2020-06-11 15:39:28.361 1285214 INFO neutron.db.l3_dvr_db [None req-d6a41187-2495-46bf-a424-ab7195c0ecb1 - - - - -] Floating IP Agent Gateway port for network 3fcb7702-ae0b-46b4-807f-8ae94d656dd3 does not exist on host host-compute-1. Creating one.
2020-06-11 15:39:28.370 1285214 DEBUG neutron.db.l3_dvr_db [None req-d6a41187-2495-46bf-a424-ab7195c0ecb1 - - - - -] Floating IP Agent Gateway port for network 3fcb7702-ae0b-46b4-807f-8ae94d656dd3 already exists on host host-compute-1. Probably it was just created by other worker. create_fip_agent_gw_port_if_not_exists /usr/lib/python2.7/site-packages/neutron/db/l3_dvr_db.py:927
2020-06-11 15:39:28.390 1285214 DEBUG neutron.db.l3_dvr_db [None req-d6a41187-2495-46bf-a424-ab7195c0ecb1 - - - - -] Floating IP Agent Gateway port None found for the destination host: host-compute-1 create_fip_agent_gw_port_if_not_exists /usr/lib/python2.7/site-packages/neutron/db/l3_dvr_db.py:933
2020-06-11 15:39:28.391 1285214 ERROR oslo_messaging.rpc.server [None req-d6a41187-2495-46bf-a424-ab7195c0ecb1 - - - - -] Exception during message handling: AttributeError: 'NoneType' object has no attribute 'get'
2020-06-11 15:39:28.391 1285214 ERROR oslo_messaging.rpc.server Traceback (most recent call last):
2020-06-11 15:39:28.391 1285214 ERROR oslo_messaging.rpc.server File "/usr/lib/python2.7/site-packages/oslo_messaging/rpc/server.py", line 170, in _process_incoming
2020-06-11 15:39:28.391 1285214 ERROR oslo_messaging.rpc.server res = self.dispatcher.dispatch(message)

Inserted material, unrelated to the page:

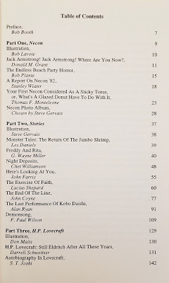 King was an early attendee at NECON, back in the day, as the saying goes, when he was rising fast on the literary scene but not quite the best-selling master he became. I attended several NECONs in the mid and late ‘80s, with writers and artists including Gahan Wilson, Tom Monteleone, Elizabeth Massie, Kathryn Ptacek, Paul F. Olson, Peter Straub, Chet Williamson, Robert McCammon, David Wilson, Courtney Skinner, and the late Charles F. Grant and Les Daniels. Good times down there at Roger Williams University. Lasting friendships made.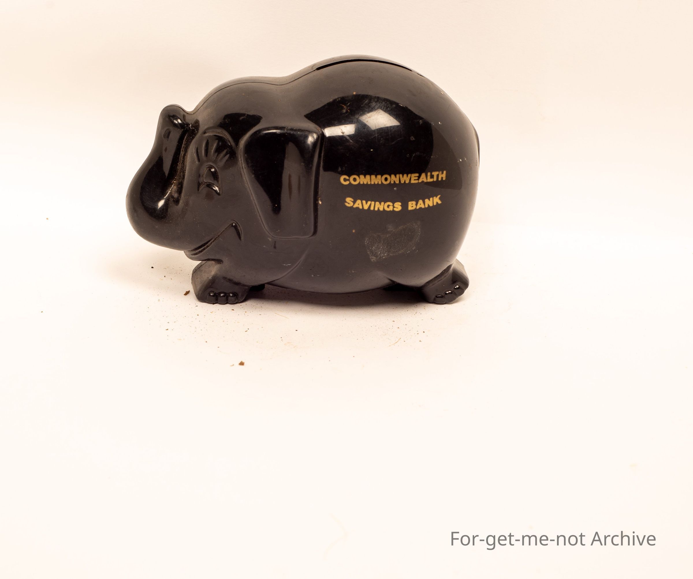 A plastic elephant, which is a money box for Commonwealth Savings Bank.

2020-06-11 15:39:28.391 1285214 ERROR oslo_messaging.rpc.server File "/usr/lib/python2.7/site-packages/oslo_messaging/rpc/dispatcher.py", line 220, in dispatch
2020-06-11 15:39:28.391 1285214 ERROR oslo_messaging.rpc.server return self._do_dispatch(endpoint, method, ctxt, args)
2020-06-11 15:39:28.391 1285214 ERROR oslo_messaging.rpc.server File "/usr/lib/python2.7/site-packages/oslo_messaging/rpc/dispatcher.py", line 190, in _do_dispatch
2020-06-11 15:39:28.391 1285214 ERROR oslo_messaging.rpc.server result = func(ctxt, **new_args)
2020-06-11 15:39:28.391 1285214 ERROR oslo_messaging.rpc.server File "/usr/lib/python2.7/site-packages/neutron/db/api.py", line 91, in wrapped
2020-06-11 15:39:28.391 1285214 ERROR oslo_messaging.rpc.server setattr(e, '_RETRY_EXCEEDED', True)
2020-06-11 15:39:28.391 1285214 ERROR oslo_messaging.rpc.server File "/usr/lib/python2.7/site-packages/oslo_utils/excutils.py", line 220, in __exit__
2020-06-11 15:39:28.391 1285214 ERROR oslo_messaging.rpc.server self.force_reraise()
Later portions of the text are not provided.